Acceptance Criteria That Actually Work
Every post in this series so far has circled back to the same idea: the quality of specification determines the quality of execution. The Red, Green, Refactor post framed this as the red phase of TDD applied to agentic development. The Specification-First Development post explored why that shift is harder than it sounds and what it takes to sustain it. And ARC showed what happens when a well-formed specification reaches an execution loop that can verify each story against its criteria before moving to the next.
What none of those posts did is examine the criteria themselves. What makes an acceptance criterion actually verifiable? Where is the line between a criterion that drives correct implementation and one that looks specific enough but still leaves the hard questions unanswered? That is what this post is about.
Assertions, Not Descriptions
The most common failure in acceptance criteria is that they describe behavior rather than assert it. A description tells you what the feature should do in general terms. An assertion tells you what a specific input produces as a specific output, under specific conditions, with a specific observable result.
Consider the difference:
Description: “The endpoint should return paginated results efficiently.”
Assertion: “GET /api/trades?page_size=20&cursor=abc123 returns at most 20 results, a next_cursor value when more results exist, and no next_cursor when the final page is reached.”
The description appears complete at first glance.

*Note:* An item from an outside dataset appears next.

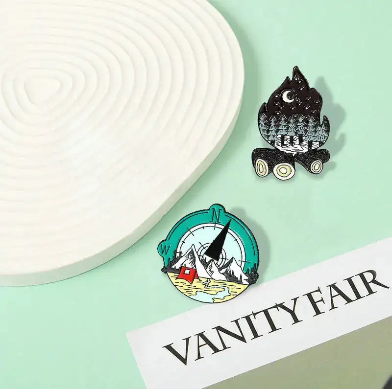 Camping Life Enamel Pin Outdoor Compass Canvas Shoe Bonfire Tent Motorhome Brooches Bag Lapel Pin Badge Jewelry Gift for Friends

Efficiently names a broad concept without resolving the decisions underneath it. But it defers every decision that matters: what pagination scheme, what happens at the boundary, what the response shape looks like. Those decisions will still need to be made. The question is whether they get made during specification, when the cost of a wrong answer is a revised document, or during implementation, when the cost is rework.
The assertion leaves less room for interpretation. It specifies cursor-based pagination, a concrete page size, the presence and absence of the next_cursor field, and the boundary behavior at the last page. An agent implementing against this criterion has enough information to produce the right implementation on the first pass, not because the agent is more capable, but because the criterion removed the ambiguity the agent would otherwise have to guess about.
The Specificity Spectrum
Not all criteria need the same level of detail. The appropriate specificity depends on how much interpretation the criterion leaves open and how costly a wrong interpretation would be.
Too vague to verify
“The system should handle errors gracefully.”
This is not a criterion so much as an aspiration. Gracefully means different things to different people, and there is no way to verify whether the implementation satisfies it without first defining what gracefully means in this specific context. A criterion at this level does not constrain the implementation at all.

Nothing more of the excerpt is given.